In a 1/14/14 Education Week article titled Why Make Reform So Complicated, Mike Schmoker argues that complexity is what has neutralized school improvement/curriculum reform efforts in the United States. Schmoker sites several studies from business and industry that confirm the fact that complexity stifles organizational improvement efforts. Schmoker also refers to his experience working in “every kind of school and district” in which he reveals that “For every major initiative, a common theme emerges: There is simply too much to do, and most of it is maddeningly ambiguous and confusing.” Schmoker goes on to site state mandated strategic planning, the standards movement, and poorly designed teacher evaluation systems as the specific culprits responsible for stagnate reform.
Schmoker’s analysis of the problems that plague PK – 12 curriculum reform and school improvement is certainly provocative. It paints a picture of chronic ineptitude of ability, throughout our nation’s school systems. The ineptitude speaks to the ability to plan, implement, and monitor curriculum and instruction. As a former school district superintendent who has worked with a great number of educators inside and outside of the districts that I have worked in, I find Schmoker’s analysis interesting because it does not acknowledge the professionalism, the expertise, and the competency of educators in school districts throughout the United States as they effectively implement curriculum each day. Because of this, I will further explore each of the points made in Schmoker’s article.
First, Schmoker argues that strategic planning has been the enemy of organizational effectiveness in school systems throughout the United States. In summarizing the impact of strategic plans, Schmoker states “ . . . those book length, jargon-laced documents with their impossibly long bulleted lists of goals, tasks, and action plans—which turned out to have no substantive effect on teaching quality.” Speaking from experience in practice, I find Schmoker’s analysis lacking in depth of insight. Are strategic plans long? Of course they are, they address tremendous amounts of achievement and organizational effectiveness data. Also, it is typical for a thorough strategic improvement plan to have great volume. However, this is not volume or complexity simply for the sake of volume or complexity. The strategic plans identify data driven goals that are then translated at the school level into action plans that address gaps in practice and service. The key in making strategic plans meaningful is effective implementation at the school level. Even when faced with a litany of potential goals, it is imperative to select the half dozen or less that will significantly impact student achievement and then to design effective action plans to make gains.
Schmoker sites the standards movement as the second factor responsible for organizational ineffectiveness and stagnant reform in PK – 12 schools. In detailing the problems with curriculum standards, Schmoker points out that standards did not reduce the curriculum thereby making it more simple, but instead they lengthened it and made it more complex. Schmoker indicates that the worst feature of state standards is the “abstract, imprecise language, which made it hard to convert them into clear, coherent curriculum and lessons.” In analyzing the new common core curriculum, Schmoker gives some credit to efforts made to simplify the English Language Arts Curriculum but still determines that they are “overlong and abounding in indecipherable abstractions.”

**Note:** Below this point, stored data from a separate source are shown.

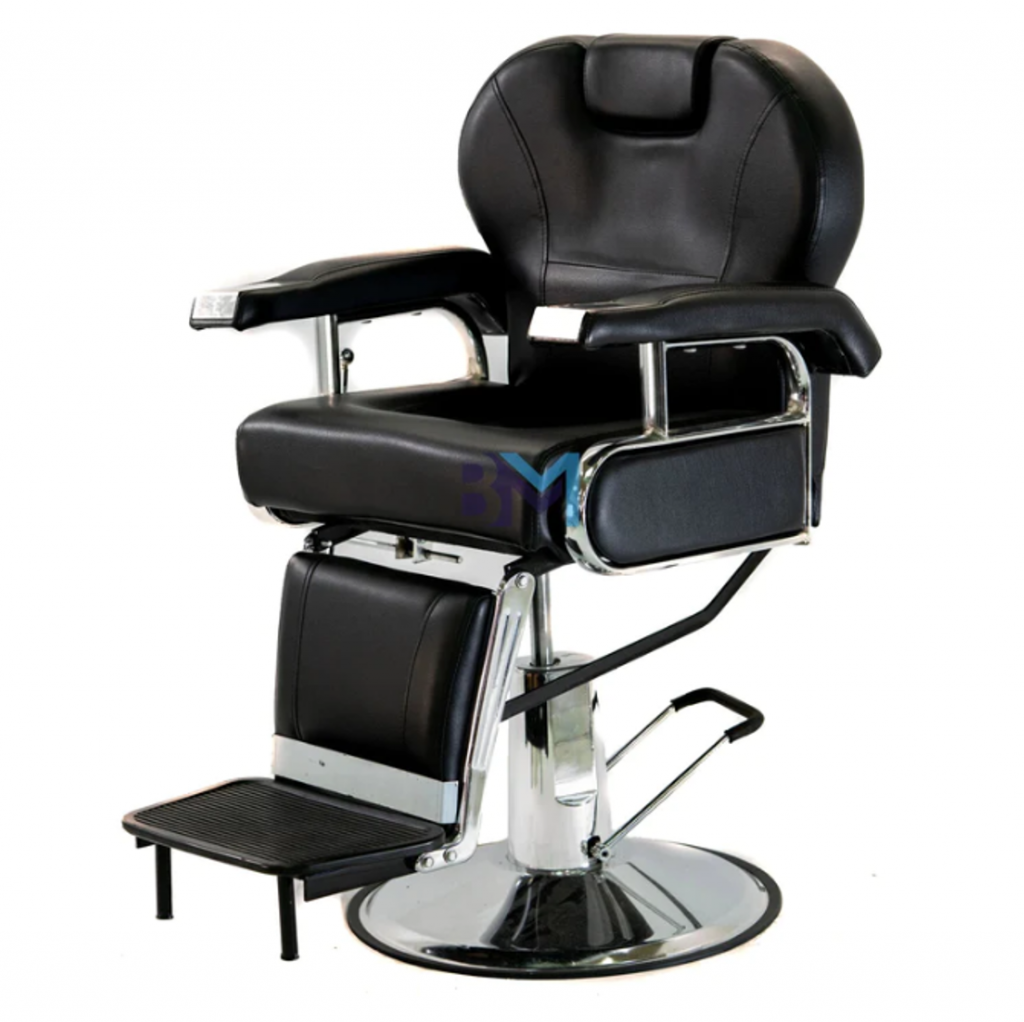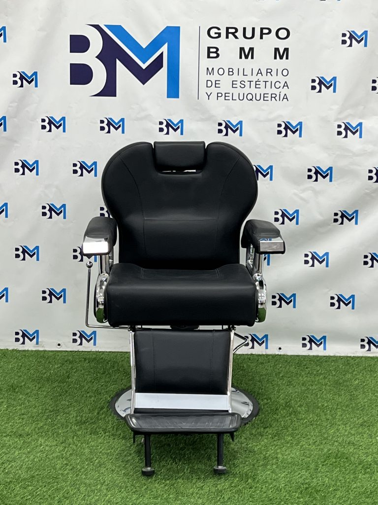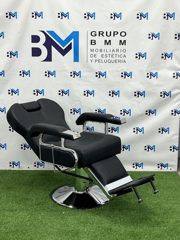 Sillón de barbería clásico negro y plata
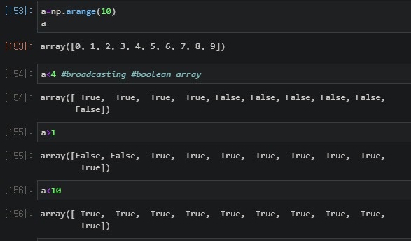 단순히 array를 scalar와 비교하면 array 원소 모두에 대해 comparison하여 boolean array로 반환
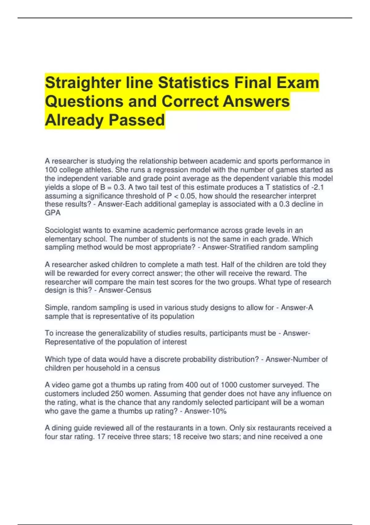 Straighter line Nutrition 101 Final Exam Questions and Answers All correct 2 Exam (elaborations) Straighter line Nutrition 101 2021 Final Exam Questions and Correct Answers Already Passed 3 Exam (elaborations) Straighter line Statistics Final Exam Questions and Correct Answers Already Passed 4 Exam (elaborations) STRAIGHTERLINE Introduction to N
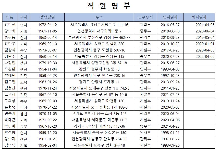 - 제목을 제외한 직원명부 전체 블럭 지정 후, 왼쪽 위 '이름상자'를 클릭 후 '직원명부'라고 입력 후 엔터
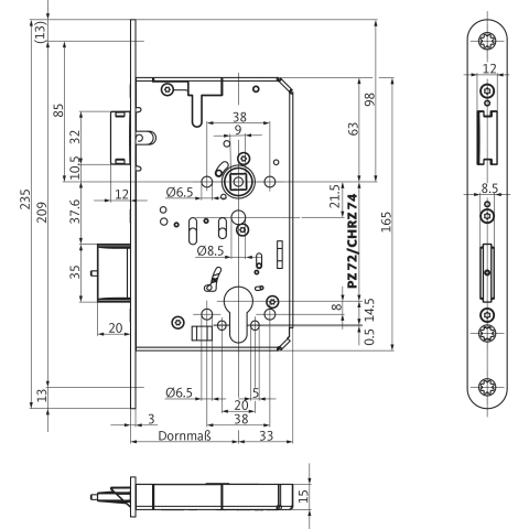 BKS PA-Einsteckschloss B-23230,PZ72/9,D65,F20x235rd,ER,PAF-C,DL ausw.
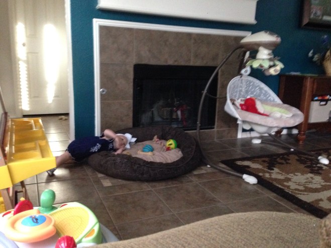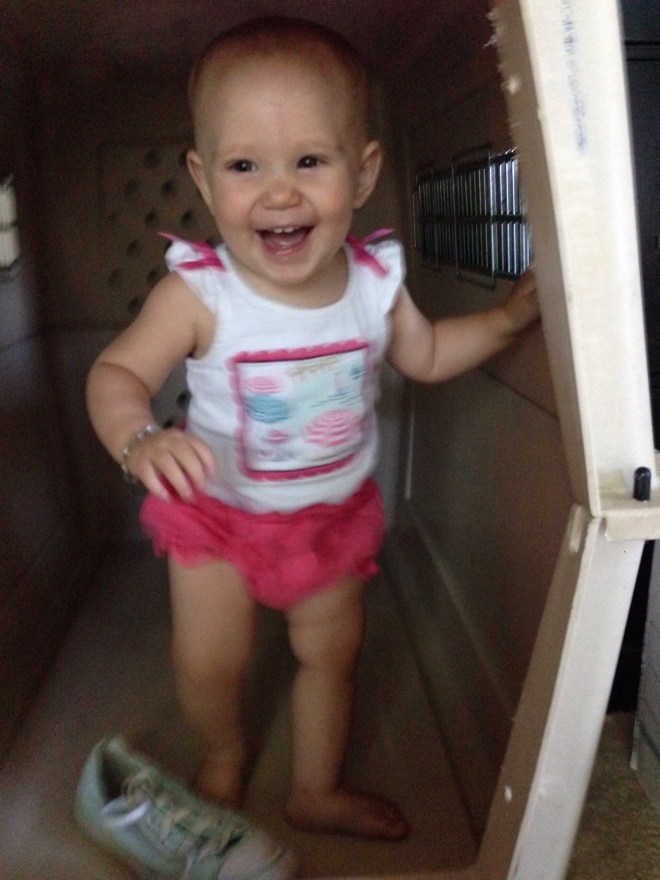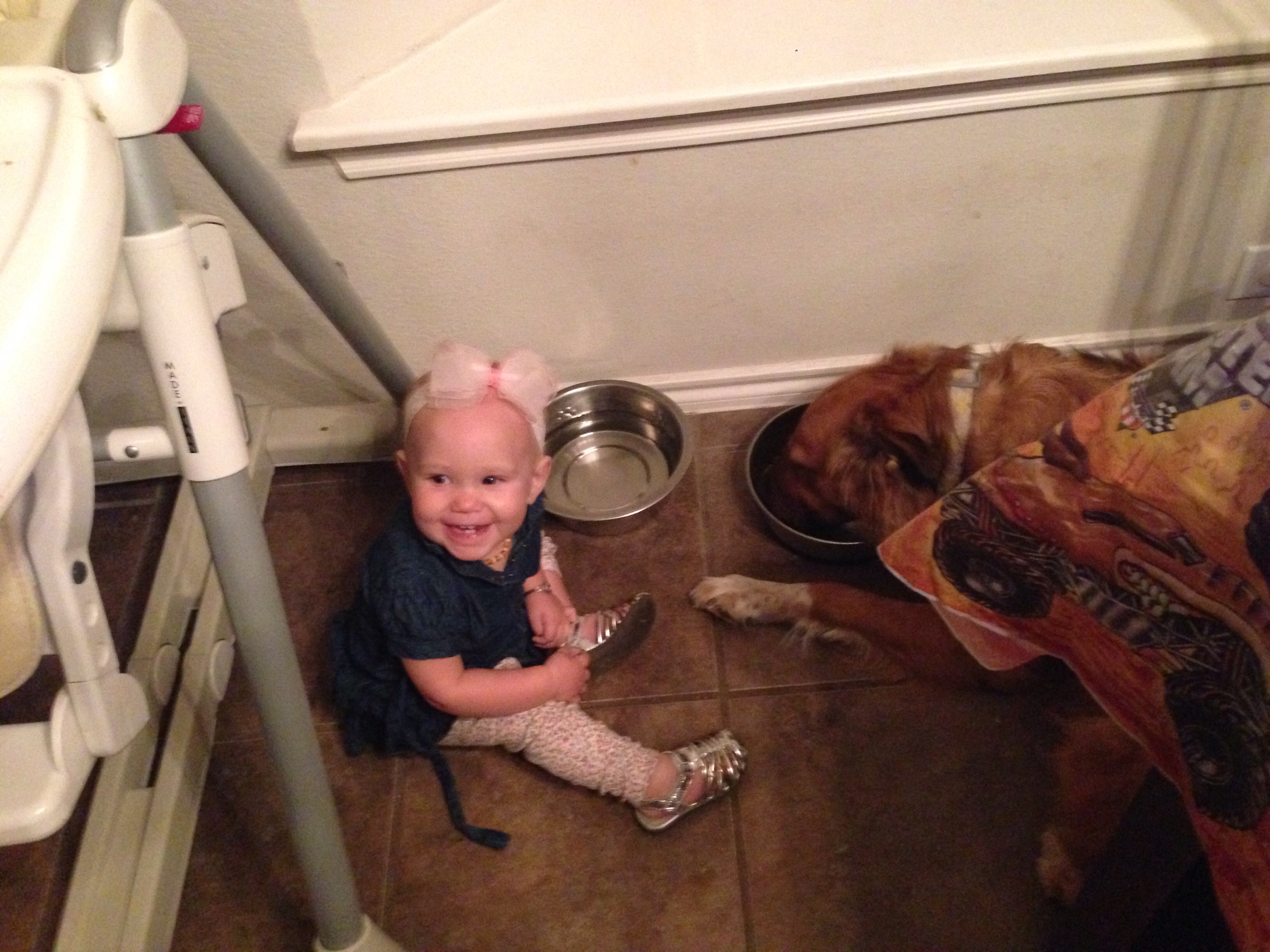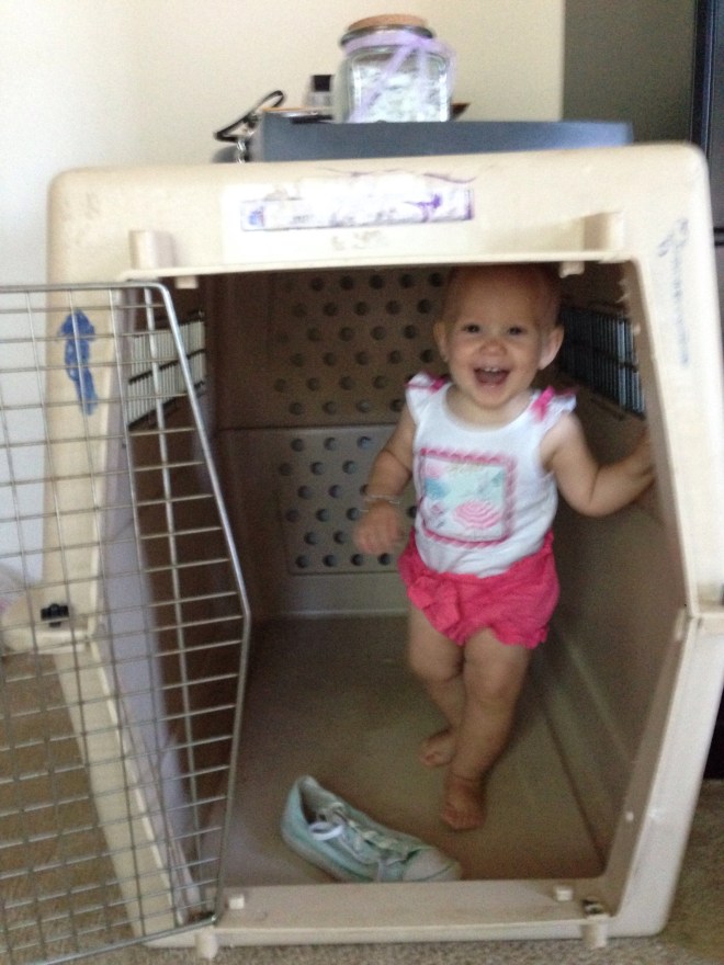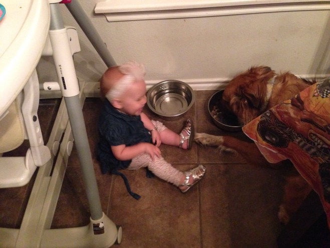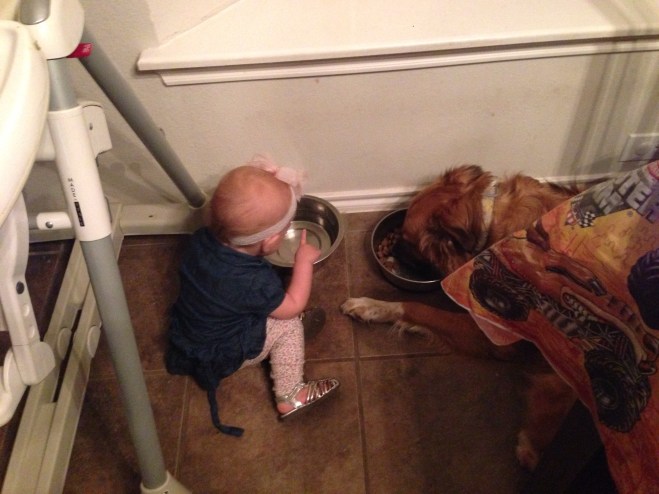 Life with a Dog and a Baby Jun 15, 2016 Yes our baby sleeps in a dog bed, eats dog food and “treats”, and locks herself in a dog crate! We are a happy dog owning baby havin’ family! And wouldn’t have it any other way.

I agree with Schmoker on the point that an effective curriculum is one that is demystified and comprehensible to teachers because this allows it to be converted into effective lessons. The keys to achieve this, no matter what curriculum is being implemented, are effective training/delivery of new curricula and fidelity in implementation. It is important when new curricula are introduced that district and school level personnel participate in adequate training to understand the scope, sequence, and conceptual design of the standards as well as relevant language that identifies the depth at which various areas of the content must be delivered. Once district and school personnel are trained, the curricula have to be implemented with fidelity, based on what is known about the intents and purposes of their design. While this is no magic bullet, especially in the initial implementation year of any curriculum, it ensures a smooth implementation and it helps to ensure that teaching and learning will be consistent with the aims of the curriculum. With a smooth implementation year in place, it is easier from the perspective of data that has been generated and staff buy-in to go back and make adjustments as the district plans forward.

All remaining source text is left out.